The third suspcious death is that of Abdul Wali, a former commander, who
died four days after he presented himself for questioning at the request of
the governor of Kunar. He died after reportedly undergoing interrogation by
a private contract employee of the CIA.

It has been argued that whatever the American troops may have done, its
abuses pale into insignificance beside what the Taliban did to their
prisoners. Until 2001, public executions and amputations as punishment were
carried out at the national stadium in Kabul. However, human rights monitors
point out that the action of the Coalition forces and their presence in the
country is posited on ending "uncivilised" behaviour and installing a system
of fairness and justice. Though Bagram and its satellite detention centres
have so far been a largely hidden corner of America's new gulag, there are
signs that the treatment of detainees there is now beginning to come under
scrutiny from Washington. Senator Patrick Leahy, the Democrat member of the
Senate subcommittee on foreign operations, who has campaigned about prison
abuses in both Afghanistan and Iraq, told the Guardian: "The abuses in
Afghanistan were no less egregious than at Abu Ghraib, but because there
were no photographs - at least, to our present knowledge - they have not
received enough attention.

"Prisoners in Afghanistan were subjected to cruel and degrading treatment,
and some died from it. These abuses were part of a wider pattern stemming
from a White House attitude that 'anything goes' in the war against
terrorism, even if it crosses the line of illegality. Not only should these
incidents be thoroughly investigated and the perpetrators punished, but we
need rules to prevent it from happening again."
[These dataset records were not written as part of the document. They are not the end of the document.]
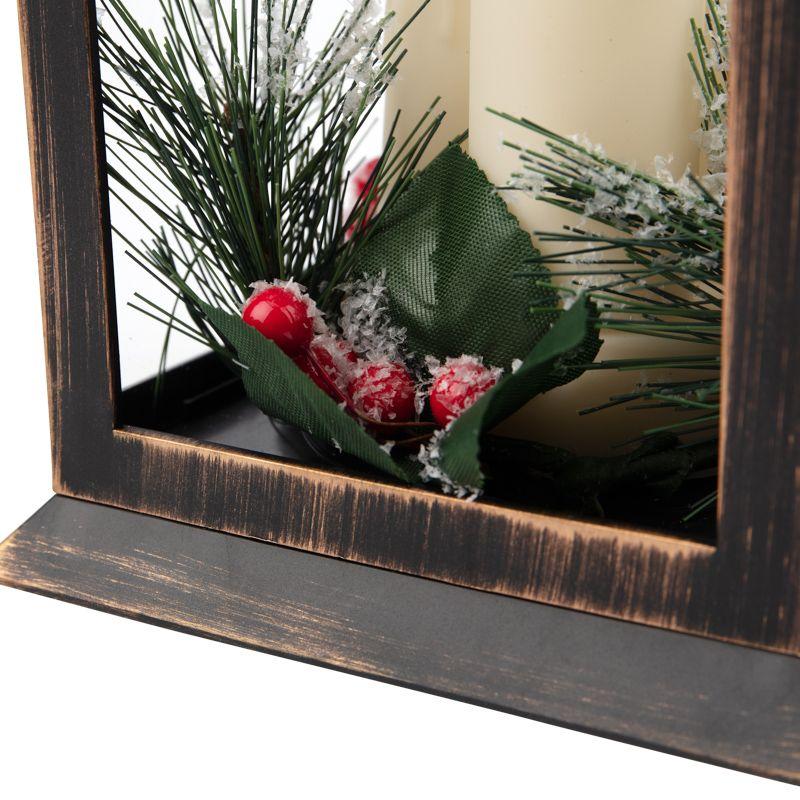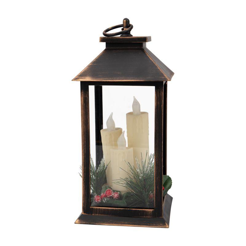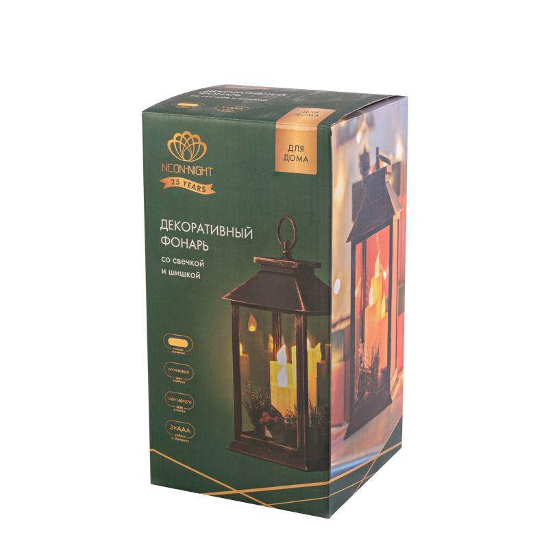 Фонарь декоративный 14х14х27см тепл. бел. со свечкой и шишкой корпус бронз. Neon-Night 513-048
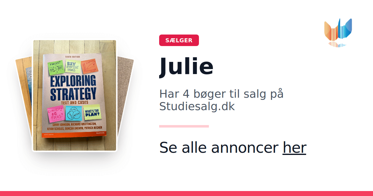 Sæt dine bøger gratis til salg på Studiesalg.dk. Det er tager få minutter, og vi står for betaling og fragt når de bliver solgt.
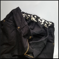 足の部分がぴっちりでもなく太過ぎもしない、その頃合いが絶妙で気に入っていたパンツですが、ウェストがどうもゆるめで動くたびにずり落ちてきます。ベルトを使うのは面倒くさい、というわけでウェスト部分に穴をあけてゴムを通そうと思いましたが、ボタンホールのような穴をあけるのも億劫。手近に端切れがあったので、ゴムを通せるよう縫い付けました。
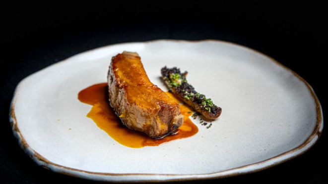 "O porco traz uma referência da minha avó, Sueli, que costumava prepará-lo. Para fazer o prato, foquei na comida que gosto de fazer, com base oriental, mas com uso de ingredientes brasileiros. Por isso escolhi o tucupi para dar acidez ao prato, no lugar, por exemplo, do limão", explicou o chef em entrevista exclusiva ao Bom Gourmet.
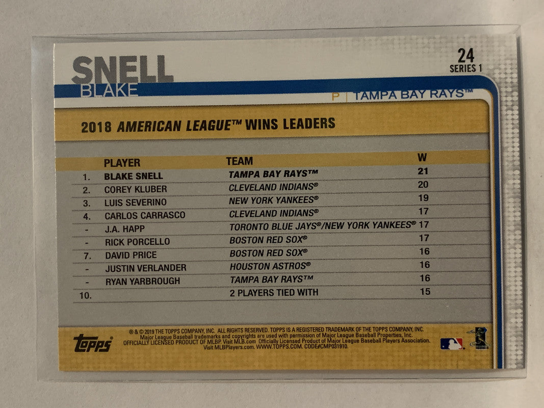 #24 Blake Snell League Leaders Tampa Bay Rays 2019 Topps Series One Baseball Card
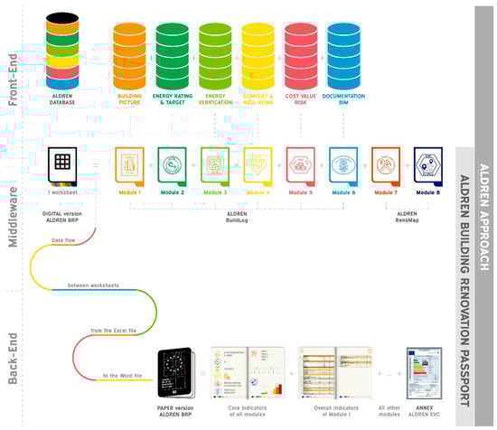 The ALDREN approach, and the outcomes presented in this paper reflect the structure of the activities carried out during Task 2.6 of WP2, the technical work package of the ALDREN project composed of six tasks: four vertical (sectorial) tasks (T2.2 Energy rating and target, T2.3 Addressing the gap between calculated and actual EP; T2.4 Addressing health and well-being, and T2.5 Linking EVCS to the financial valuation), harmonized by a common language defined in the first horizontal task (T2.1) and integrated by an overall approach—the second horizontal one (T2.6)—into a Building Renovation Passport (BRP).
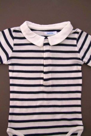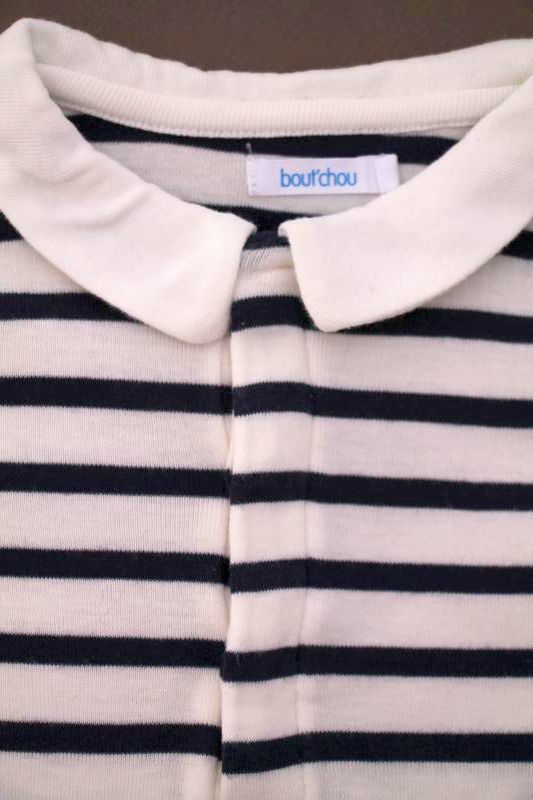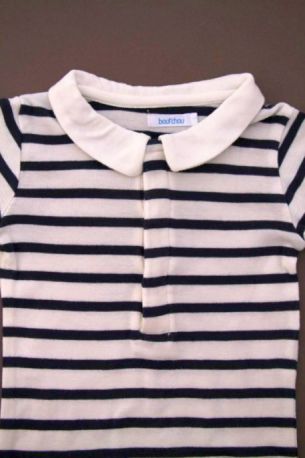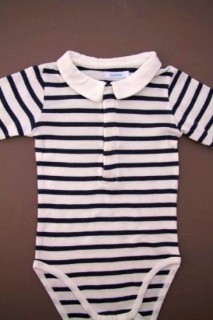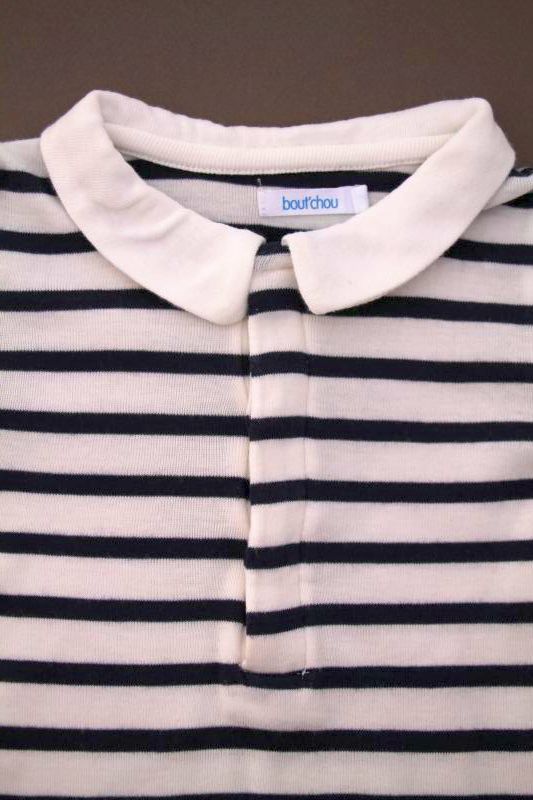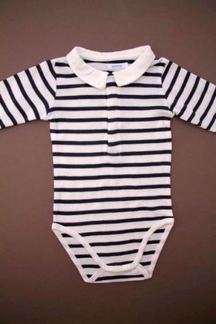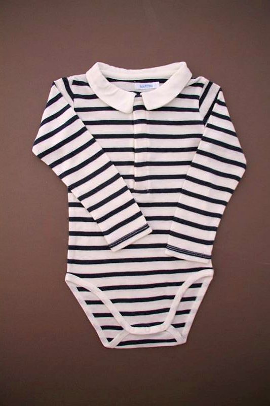 Body en jersey bleu marine foncé à manches longues, pour bébé garçon 18 mois, idéal pour l'automne ou l'hiver, avec col chemise en coton à carreaux marine et blanc, "J" rouge sérigraphié...

Behind the wire: Bagram's secrets
Until recently what goes on inside Bagram, as well as the number and
identities of inmates who have been held there, has been shrouded in
secrecy. Earlier this month, in response to a question from the Guardian,
Lieutenant General David Barno, the head of US forces in Afghanistan,
revealed that more than 2,000 people have been detained at the base since
the war, and that there are currently 400 detainees being held without
charge.

Last week a US spokesman in Kabul said procedures at the prison had been
changed in response to the interum findings of an internal investigation.

The interpreter in Afghanistan was Noor Ahmed.